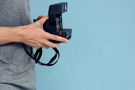 Photo camera in the hands of a man professional shooting lens technology studio equipment blue background
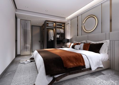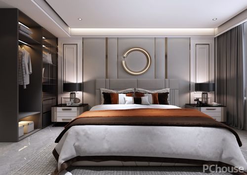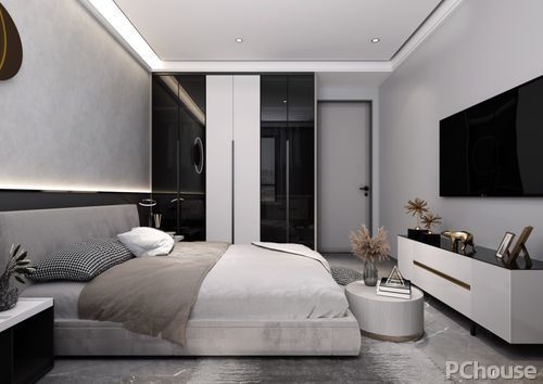 卧室以深浅色为主色调,软包床头加地毯点缀散发着安宁恬静的舒适感和温暖基调。一柜到顶的橱柜设计,既能装又不让顶部落灰。
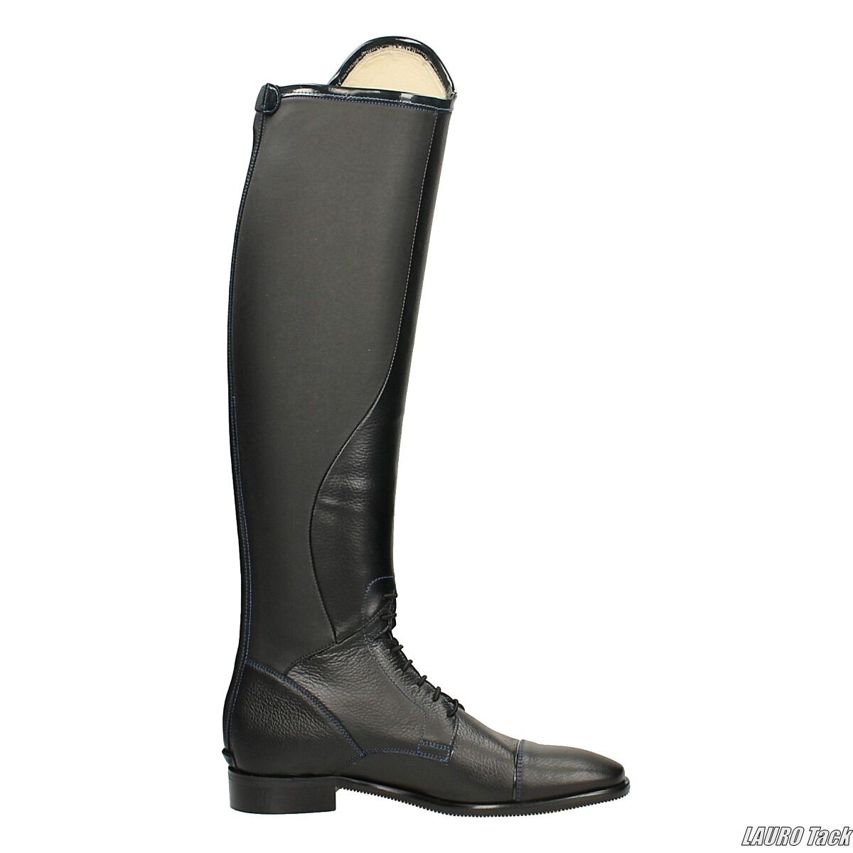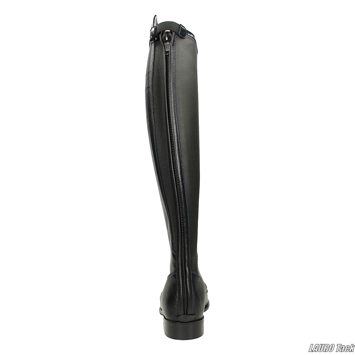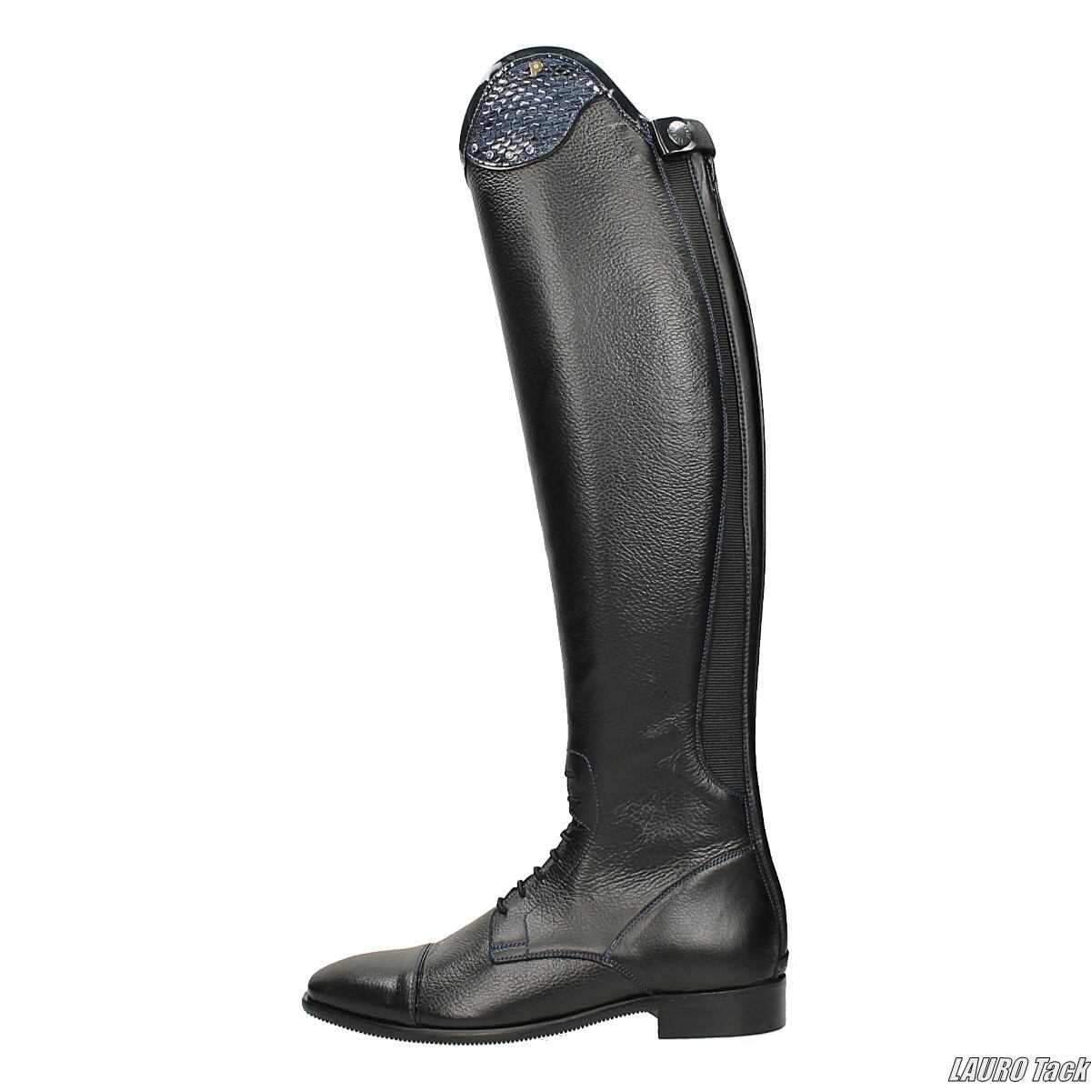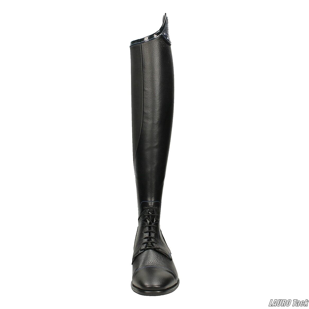 非常に柔らかく上質な型押し牛革を使用した、洗練された印象のライディングブーツです。前面にはシューレース、背面にはソールまで続くファスナーを備え、すっきりとしたシルエットと高い実用性を兼ね備えています。内側は革張りで、足にしなやかに馴染みます。高さ約5cmのブーツトップにはブラックのハニカム調エナメルプリントと同系色のストーン装飾を施し、控えめながら個性のあるデザインです。足首まわりは細身に設計され、ふくらはぎ部分には伸縮性素材を配置することで安定したフィット感を実現しています。ラバー製の滑りにくいソールと快適なフットベッドを備え、複数のふくらはぎサイズ展開から自分に合ったサイズを選ぶことができます。なお、専用ケア用品以外のワックスやクリームは使用できません。
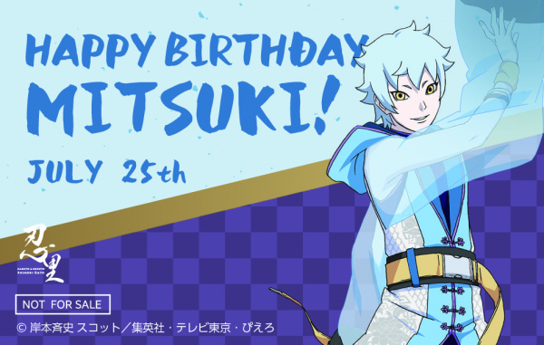 本イベントでは、これまでに忍里でイベントを行ってきたキャラクターたちの誕生日をお祝いする、忍里オリジナルのバースデーカードをご用意いたします。7月は「日向ネジ」「犬塚キバ」「うちはサスケ」「ミツキ」をお祝いします!
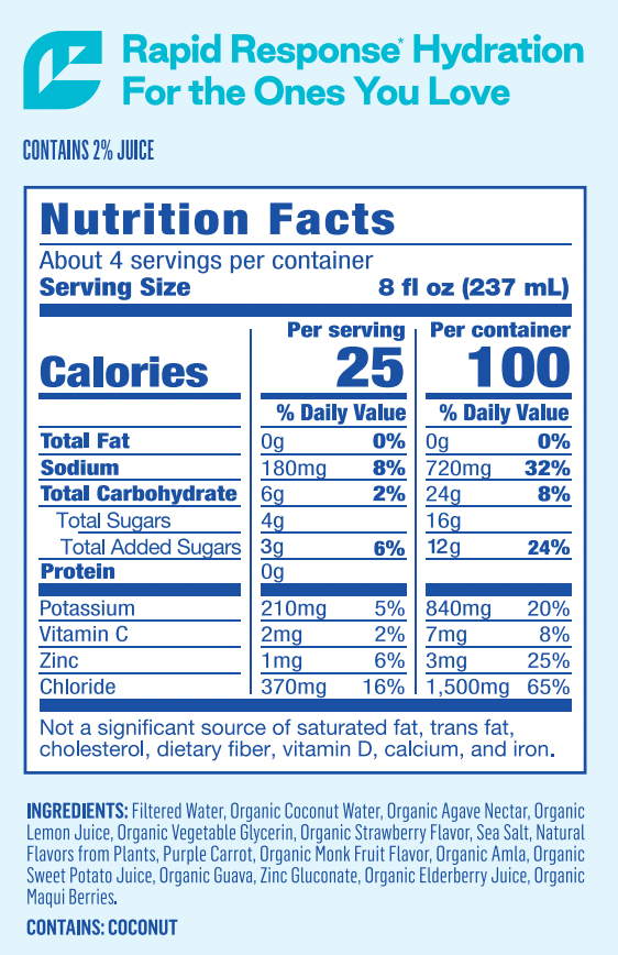 Filtered Water, Organic Coconut Water, Organic Agave Nectar, Organic Lemon Juice, Organic Vegetable Glycerin, Organic Strawberry Flavor, Sea Salt, Natural Flavors from Plants, Purple Carrot, Organic Monk Fruit Flavor, Organic Amla, Organic Sweet Potato Juice, Organic Guava, Zinc Gluconate, Organic Elderberry Juice, Organic Maqui Berries. CONTAINS: COCONUT
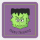 Dieser quadratische Aufkleber wird mit einem Halloween-Frankenstein-Kunstdruck gezeigt. Passen Sie dieses Objekt an oder kaufen Sie, wie es ist.
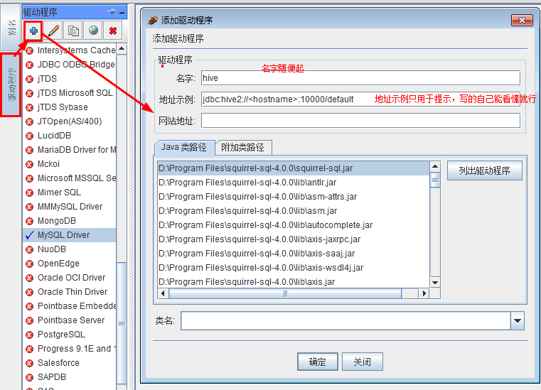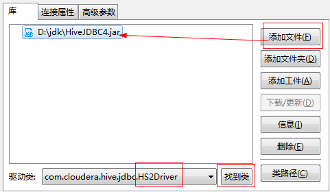 然后再添加我们前面下载的Cloudera提供的hive连接驱动:
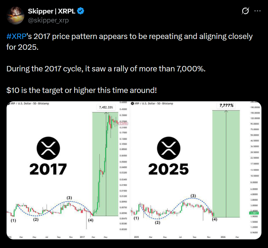 Skipper’s forecast suggests a potential move toward $10 or higher if the pattern continues to develop as expected. While price targets remain speculative, the bullish structure reinforces the growing optimism around XRP’s next major cycle.
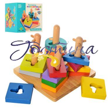 Дерев'яна іграшка Геосортер складається з 16 фігур. Навчить Вашого малюка розпізнавати фігури, кольори. Розвиває моторику і мисленя.
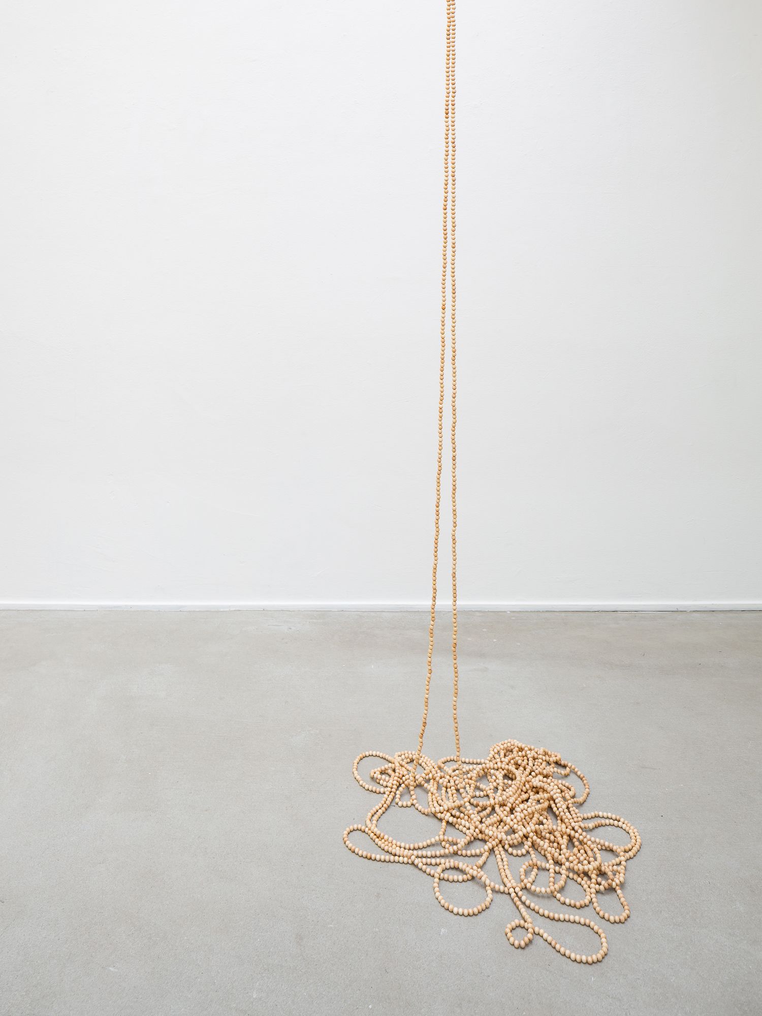 Stéphanie Saadé shows several works including "Building a Home with Time" (2019), which consists of a long beaded string with 2832 beads, which refers to the number of days between the artist's birth and the end of the Lebanese Civil War. In addition, you can see her work "Family Circle" (2022), a canvas with three hairs connected in a circle: the hair of the artist in connection with that of her mother and her daughter, three generations.

** PROBLEM **
Print every entry word for word; omit the pictures.

** REPLY **
 Photo camera in the hands of a man professional shooting lens technology studio equipment blue background
 卧室以深浅色为主色调,软包床头加地毯点缀散发着安宁恬静的舒适感和温暖基调。一柜到顶的橱柜设计,既能装又不让顶部落灰。
 非常に柔らかく上質な型押し牛革を使用した、洗練された印象のライディングブーツです。前面にはシューレース、背面にはソールまで続くファスナーを備え、すっきりとしたシルエットと高い実用性を兼ね備えています。内側は革張りで、足にしなやかに馴染みます。高さ約5cmのブーツトップにはブラックのハニカム調エナメルプリントと同系色のストーン装飾を施し、控えめながら個性のあるデザインです。足首まわりは細身に設計され、ふくらはぎ部分には伸縮性素材を配置することで安定したフィット感を実現しています。ラバー製の滑りにくいソールと快適なフットベッドを備え、複数のふくらはぎサイズ展開から自分に合ったサイズを選ぶことができます。なお、専用ケア用品以外のワックスやクリームは使用できません。
 本イベントでは、これまでに忍里でイベントを行ってきたキャラクターたちの誕生日をお祝いする、忍里オリジナルのバースデーカードをご用意いたします。7月は「日向ネジ」「犬塚キバ」「うちはサスケ」「ミツキ」をお祝いします!
 Filtered Water, Organic Coconut Water, Organic Agave Nectar, Organic Lemon Juice, Organic Vegetable Glycerin, Organic Strawberry Flavor, Sea Salt, Natural Flavors from Plants, Purple Carrot, Organic Monk Fruit Flavor, Organic Amla, Organic Sweet Potato Juice, Organic Guava, Zinc Gluconate, Organic Elderberry Juice, Organic Maqui Berries. CONTAINS: COCONUT
 Dieser quadratische Aufkleber wird mit einem Halloween-Frankenstein-Kunstdruck gezeigt. Passen Sie dieses Objekt an oder kaufen Sie, wie es ist.
 然后再添加我们前面下载的Cloudera提供的hive连接驱动:
 Skipper’s forecast suggests a potential move toward $10 or higher if the pattern continues to develop as expected. While price targets remain speculative, the bullish structure reinforces the growing optimism around XRP’s next major cycle.
 Дерев'яна іграшка Геосортер складається з 16 фігур. Навчить Вашого малюка розпізнавати фігури, кольори. Розвиває моторику і мисленя.
 Stéphanie Saadé shows several works including "Building a Home with Time" (2019), which consists of a long beaded string with 2832 beads, which refers to the number of days between the artist's birth and the end of the Lebanese Civil War. In addition, you can see her work "Family Circle" (2022), a canvas with three hairs connected in a circle: the hair of the artist in connection with that of her mother and her daughter, three generations.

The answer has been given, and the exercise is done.